Interviewing dates: nine surveys taken between February and August 1948. (5 pp.)
During the spring of 1948, the cares and worries of the German people were much the same as they had been the first time this question was asked in the first survey. In June 1948, however, when the Western Powers introduced the currency reform, a change occurred in the German situation and consequently in the cares and worries expressed by the public.
Before the currency reform, the most frequently reported chief worry had always been food. Indeed, during the winter and spring of 1948, over half the people in AMZON, two-thirds in Berlin, and three-fourths in Bremen mentioned food among their chief cares and worries. After the currency reform, however, the picture changed markedly in AMZON and Bremen, while in West Berlin, where the blockade was instituted along with the currency reform, the food situation remained serious and 47 per cent of the population was still seriously concerned with it.
During the winter and spring of 1948 clothing and shoes ranked second as an expressed worry, with about four in ten AMZON adults mentioning it. But after the currency reform this figure dropped and by August only eight per cent thought it important enough to mention. In Berlin, however, the drop was only from 32 per cent to 14 per cent.

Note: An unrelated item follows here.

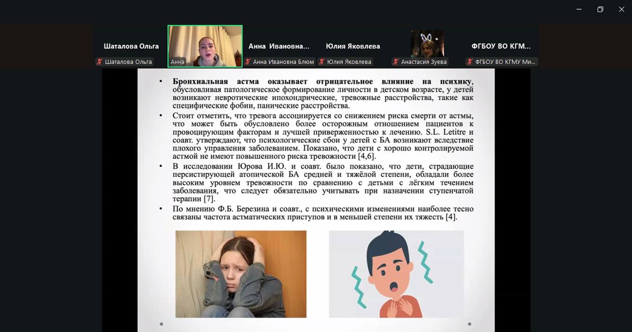 2. Vanzha A.S. (6th year, 3rd group, pediatric faculty) with a report “Psychosomatic aspects of bronchial asthma in children” revealed the influence of psychological factors on the course of the disease and presented modern approaches to complex therapy.

Fuel was a less pervasive worry but one which showed the same tendency as food and clothing. In Berlin, after dropping to its usual summer low of one or two per cent in late spring, it rose again to one in ten during August.
Although worries over basic necessities tended to decrease after the currency reform to nearly manageable proportions, anxiety over the means of obtaining them skyrocketed. By midsummer, half the AMZON population (48%) said that they had no means of livelihood and by August this figure had risen to 59 per cent.
In all the surveys, a small group of people in AMZON (less than 5%) mentioned concern about the future in general. In West Berlin, however, it rose from about five per cent to 13 per cent in mid-April, dropped again in May and then rose again, remaining relatively high (10% to 14%) during June, July, and August.
Most of the other kinds of cares and worries remained fairly constant: anxiety about prisoners of war and missing persons (6–9%), loss of housing (8–14%), Nazi Party membership (0–2%), health (3–6%), evacuee difficulties (8–9%). The number claiming to have no worry varied from one to five per cent of the AMZON sample.